───── Data block ─────

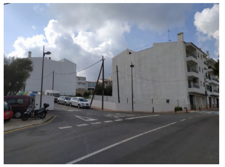
View from the street
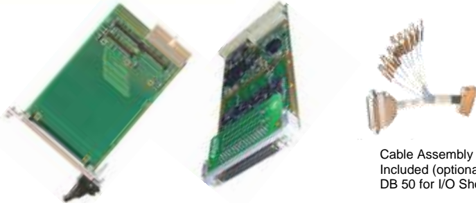
Cable Assembly Included (optional DB 50 for I/O Shown)

Alta Data Technologies' cPCI-1553 interface modules (PMC on 3U or 6U Carriers) are multi-channel (1-4) 1553 cards supported by the latest software technologies. These cPCI cards are based on the industry's most advanced 32-bit 1553 FPGA protocol engine, AltaCore™ , and by a feature-rich application programming interface, AltaAPI™ , which is a multi-layer ANSI C and Windows .NET (MSVS 2005/08/10 C++, C#, VB .NET) architecture. This hardware and software package provides increased system performance and reduces integration time.
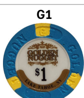
$1 Golden Nugget Lake Tahoe NV

─────

| Required work |
Would you copy, exactly, each line from the start of the listing above through the line with "Cable Assembly Included", both ends included, but none of the pictures?

| Answer section |
View from the street
Cable Assembly Included (optional DB 50 for I/O Shown)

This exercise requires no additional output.